▶ _Your goal_
Go to the line that contains "このハンカチは、50ブロード", then write out that line and all that follow to the end of the listing, exactly and without pictures.
:: Exercise data
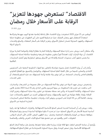 3/5/25, 9:35 AM "نﺎﺿﻣر لﻼﺧ رﺎﻌﺳﻷا ﻰﻠﻋ ﺔﺑﺎﻗرﻟا زﯾزﻌﺗﻟ ﺎھدوﮭﺟ ضرﻌﺗﺳﺗ "دﺎﺻﺗﻗﻻا - Nas News UAE
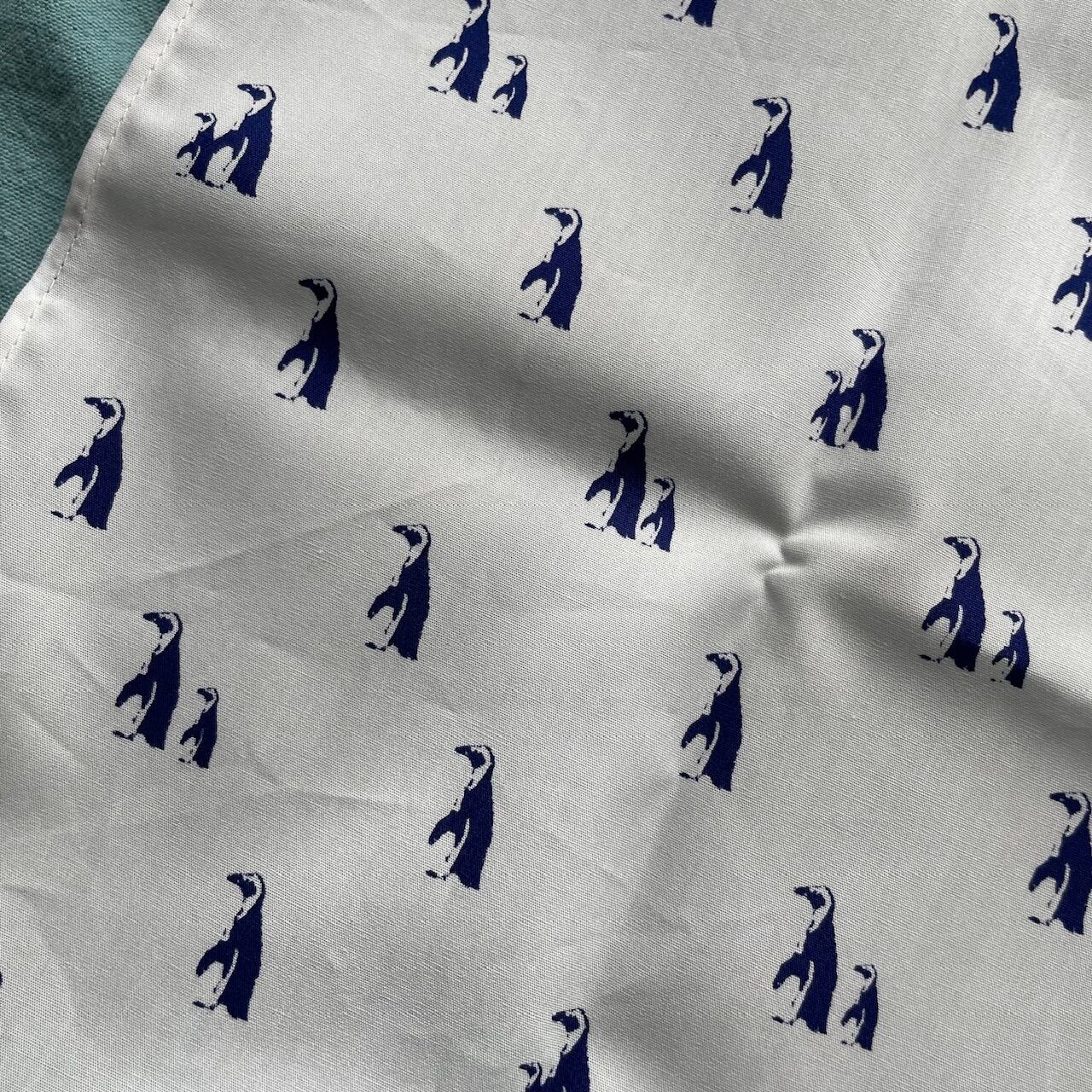 このハンカチは、50ブロードを使用して作られたハンカチで、しっかりとした生地に美しいネイビーのペンギンとその親子がプリントされています。
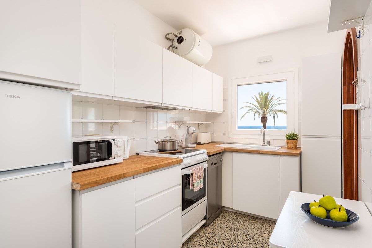 Arhitektonski uređen stan sa nenadmašnim pogledom na liticu Kalan Porter, Južna obala, Menorca. Zaista jedinstven objekat, koji je dizajnirao jedan od najpoznatijih arhitekata Menorke. Objekat sa visokokvalitetnom završnom obradom je savršen i svestran prostor, dnevna soba, kuhinja i terasa savršeno komuniciraju jedni s drugima kako bi se povećao pogled koji objekat ima, kontrast između tirkizne vode i narandžastih zalazaka sunca oduzima dah.
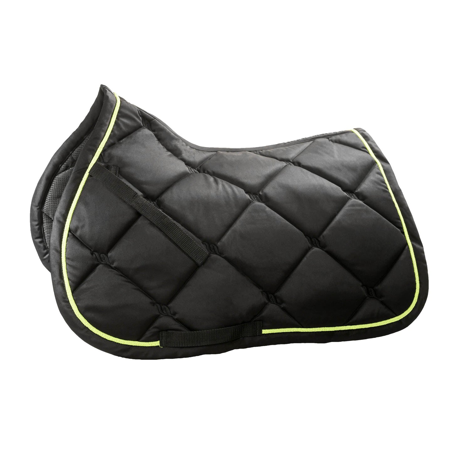 Stilfuld og iøjnefaldende spring underlag med en distinkt, anatomisk pasform, der følger konturerne af hestens ryg og giver ekstra plads over rygsøjlen og manken for at mindske risikoen for tryk og gnav.
::::
▶ _Answer box_
 このハンカチは、50ブロードを使用して作られたハンカチで、しっかりとした生地に美しいネイビーのペンギンとその親子がプリントされています。
 Arhitektonski uređen stan sa nenadmašnim pogledom na liticu Kalan Porter, Južna obala, Menorca. Zaista jedinstven objekat, koji je dizajnirao jedan od najpoznatijih arhitekata Menorke. Objekat sa visokokvalitetnom završnom obradom je savršen i svestran prostor, dnevna soba, kuhinja i terasa savršeno komuniciraju jedni s drugima kako bi se povećao pogled koji objekat ima, kontrast između tirkizne vode i narandžastih zalazaka sunca oduzima dah.
 Stilfuld og iøjnefaldende spring underlag med en distinkt, anatomisk pasform, der følger konturerne af hestens ryg og giver ekstra plads over rygsøjlen og manken for at mindske risikoen for tryk og gnav.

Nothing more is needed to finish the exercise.